Soweit der Kläger sein schriftliches Vorbringen in der Berufungserwiderung vom 9.10.2017 dahingehend gesteigert hat, dass er als Siebzehnjähriger von zivilen bewaffneten Sicherheitskräften wegen eines Cousins, der für die Freie Syrische Armee gekämpft habe und vor ca. drei Jahren festgenommen worden sowie seither im Gefängnis sei, verhört worden sei, hat er in der mündlichen Verhandlung angegeben, zu einem Verhör sei es damals nicht gekommen. Er und weitere Cousins hätten von der durch die Festnahme veranlassten Kontrolle der Häuser und der Suche vornehmlich nach jungen Männern erfahren; sie seien rechtzeitig geflüchtet und erst nach fünf Tagen bis einer Woche wieder nach Hause zurückgekehrt. Zunächst sei angemerkt, dass nicht erkennbar wäre, inwiefern das anfänglich behauptete einmalige Verhör, zu dessen Dauer und Ablauf Einzelheiten nicht vorgetragen waren, eine individuelle Vorverfolgung des Klägers belegen könnte. Ausgehend von seinen Angaben wäre das Verhör zeitlich etwa im Herbst 2014 einzuordnen, das heißt, er hätte sich anschließend noch fast ein Jahr in Syrien aufgehalten, offenbar ohne wegen der Angelegenheit (Festnahme eines für die Freie Syrische Armee kämpfenden Cousins) ein weiteres Mal behelligt zu werden. Nichts anderes gilt in Bezug auf die nunmehrige Darstellung, er habe sich durch sein rechtzeitiges mehrtägiges Verschwinden einem Zugriff seitens der Sicherheitskräfte entziehen können. Seinem Vorbringen zufolge wurde damals nicht speziell nach ihm gefahndet, sondern die Sicherheitskräfte hätten vor allem nach jungen Männern gesucht. Ein spezielles Interesse gerade an seiner Person ergibt sich auch nicht aus seinem Vorbringen in der mündlichen Verhandlung, anhand der Registrierungsnummer im Wehrpass sei seine Zugehörigkeit zu der Familie des verhafteten Cousins erkennbar. Denn in den Folgemonaten nach seiner Rückkehr zur Familie wurde er offenbar nicht mehr behelligt. Er konnte die Schule abschließen, heiraten und hat im August 2015 erfolgreich seine Zurückstellung vom Wehrdienst beantragt. Im September 2015 ist er, wenn auch seinen Angaben zufolge unter Zahlung eines Bestechungsgeldes, legal unter Verwendung seines Reisepasses aus Syrien ausgereist.

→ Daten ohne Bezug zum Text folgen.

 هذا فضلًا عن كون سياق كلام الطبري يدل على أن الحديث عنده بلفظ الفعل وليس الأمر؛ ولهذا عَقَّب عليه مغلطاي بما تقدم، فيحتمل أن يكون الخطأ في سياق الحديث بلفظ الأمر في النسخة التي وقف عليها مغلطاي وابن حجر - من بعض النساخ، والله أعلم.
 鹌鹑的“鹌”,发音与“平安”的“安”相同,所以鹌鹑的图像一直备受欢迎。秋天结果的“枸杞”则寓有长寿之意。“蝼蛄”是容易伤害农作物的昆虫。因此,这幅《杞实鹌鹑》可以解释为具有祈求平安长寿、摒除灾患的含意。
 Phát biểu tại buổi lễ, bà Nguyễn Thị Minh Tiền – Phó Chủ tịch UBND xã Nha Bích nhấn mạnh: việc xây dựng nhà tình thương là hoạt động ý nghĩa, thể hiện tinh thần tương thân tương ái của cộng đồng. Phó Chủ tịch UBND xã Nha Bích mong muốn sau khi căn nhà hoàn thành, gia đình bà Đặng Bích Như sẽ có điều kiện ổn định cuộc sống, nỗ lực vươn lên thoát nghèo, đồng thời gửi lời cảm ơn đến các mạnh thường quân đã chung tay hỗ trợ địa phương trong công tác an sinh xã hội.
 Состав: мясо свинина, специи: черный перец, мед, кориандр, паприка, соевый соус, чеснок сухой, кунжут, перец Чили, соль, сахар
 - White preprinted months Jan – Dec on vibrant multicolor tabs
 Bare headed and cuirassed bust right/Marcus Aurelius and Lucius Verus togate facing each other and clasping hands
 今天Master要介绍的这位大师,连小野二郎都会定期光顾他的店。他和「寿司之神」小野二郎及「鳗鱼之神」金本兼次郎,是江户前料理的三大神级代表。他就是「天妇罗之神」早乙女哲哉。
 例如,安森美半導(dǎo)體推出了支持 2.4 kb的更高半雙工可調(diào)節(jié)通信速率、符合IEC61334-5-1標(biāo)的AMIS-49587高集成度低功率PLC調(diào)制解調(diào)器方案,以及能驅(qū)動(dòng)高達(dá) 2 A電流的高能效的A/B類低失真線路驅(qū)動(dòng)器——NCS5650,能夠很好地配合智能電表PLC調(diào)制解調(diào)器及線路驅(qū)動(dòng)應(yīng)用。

Damit vermögen die angeblichen Ereignisse im Zusammenhang mit der Verhaftung des immer noch verschwundenen Cousins eine Vorverfolgung des Klägers nicht zu belegen, so dass es auf die Glaubhaftigkeit des diesbezüglich gesteigerten Sachvortrags nicht entscheidungserheblich ankommt. Abgesehen hiervon spricht der objektiv zu verzeichnende Gang des Verfahrens eher gegen als für die Richtigkeit des neuen Vorbringens. Das gilt auch, wenn man dem Kläger zugute hält, dass er zur Zeit seiner Anhörung angesichts der bis kurz zuvor gehandhabten Anerkennungspraxis der Beklagten noch nicht erwarten musste, dass eine ihm die Flüchtlingseigenschaft zuerkennende Entscheidung ohne Darlegung eines individuellen Verfolgungsschicksals nicht ergehen würde. Eine - etwaige - so bedingte anfängliche Sorglosigkeit und ein fehlendes Bewusstsein, dass derartiges von Relevanz sein könnte - so die Einlassung in der mündlichen Verhandlung -, würden allenfalls erklären, dass er anlässlich der Anhörung vom 8.4.2016 auf die Frage, ob er in der Heimat bereits einmal Probleme mit der Polizei, Sicherheitskräften oder anderen Personengruppen gehabt habe, mit „Nein“ geantwortet hat, nicht aber, dass er die angebliche Bedrängung durch syrische Sicherheitskräfte trotz Ergehens des ablehnenden Bescheids nicht zur Begründung seiner Klage offenbart hat. Es kann schwerlich zu seinen Gunsten unterstellt werden, sein Rechtsanwalt habe ihn nicht gefragt, ob er seinen Angaben anlässlich der Anhörung etwas hinzuzufügen habe, was den Erfolgsaussichten der Klage zuträglich sein könnte. Ungeachtet der sich im Klageverfahren frühzeitig andeutenden Tendenz des Verwaltungsgerichts hätte - auch vor dem Hintergrund seiner Mitwirkungspflicht - nahe gelegen, einen etwaigen individuellen Verfolgungsgrund vorsorglich aufzudecken.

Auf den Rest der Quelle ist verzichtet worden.